Data below =>
________________________________________

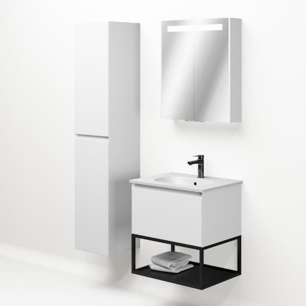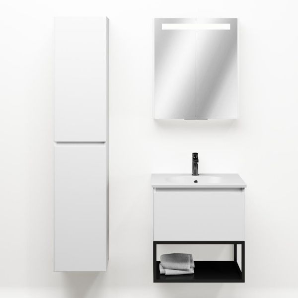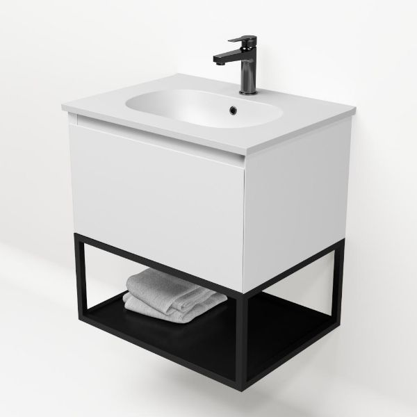 | Bellanti Solo/Tela/Como badmeubel 60x46 1 softclose lade wit mat greeploos keramische wastafel mat wit met 1 kraangat met mat zwart metalen frame |
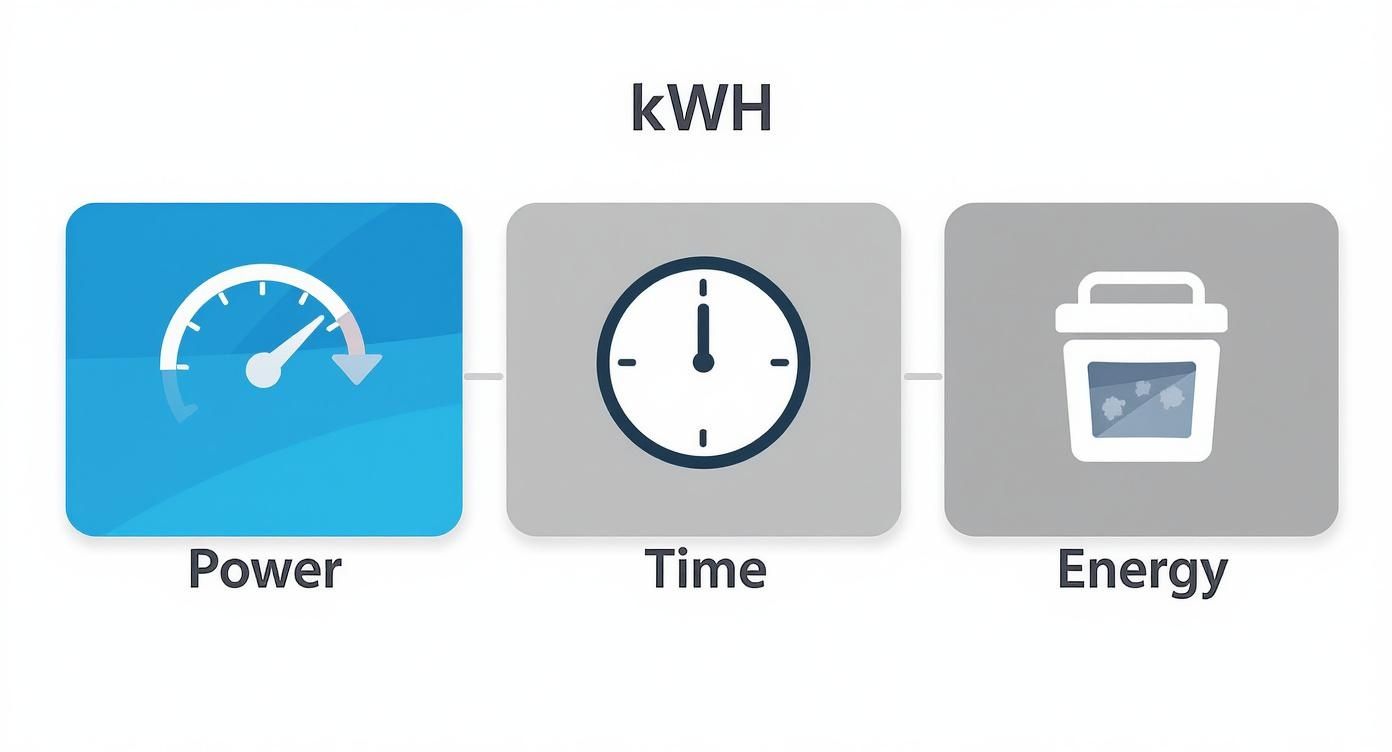 Let us cut through the jargon with a simple analogy. Picture a running tap. The speed at which water flows out is like power, measured in kilowatts (kW). The total amount of water you collect in a bucket over an hour is the energy consumed. That bucketful of water represents one kilowatt-hour (kWh).
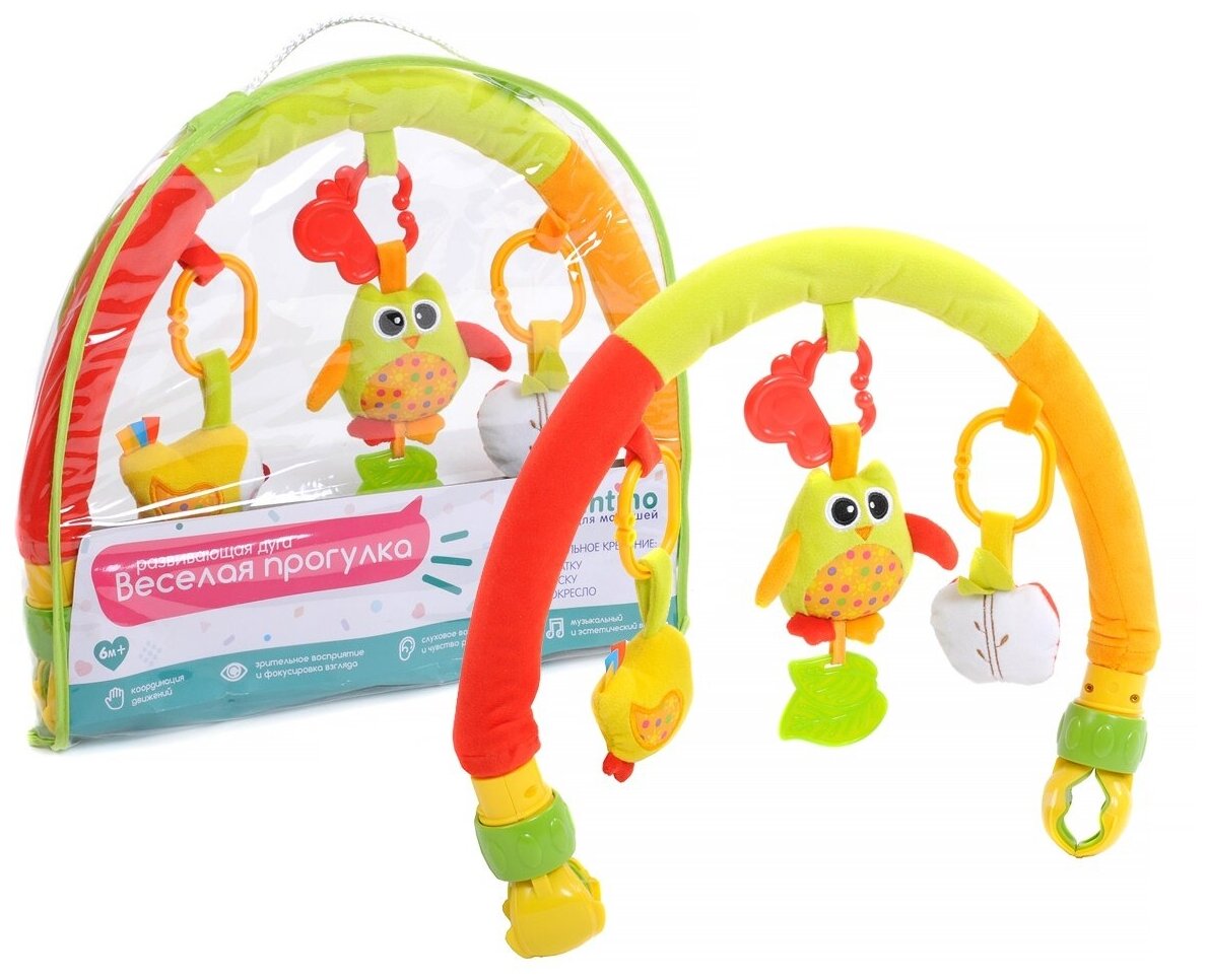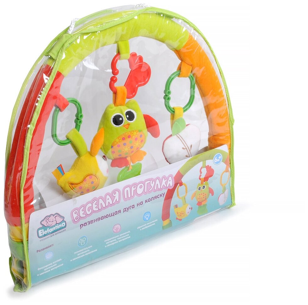 Type: arc, effects: sound, educational elements: rattle, teether, material: plastic, textile

________________________________________

A verbatim copy of the data, with all pictures omitted, is the required output.

 | Bellanti Solo/Tela/Como badmeubel 60x46 1 softclose lade wit mat greeploos keramische wastafel mat wit met 1 kraangat met mat zwart metalen frame |
 Let us cut through the jargon with a simple analogy. Picture a running tap. The speed at which water flows out is like power, measured in kilowatts (kW). The total amount of water you collect in a bucket over an hour is the energy consumed. That bucketful of water represents one kilowatt-hour (kWh).
 Type: arc, effects: sound, educational elements: rattle, teether, material: plastic, textile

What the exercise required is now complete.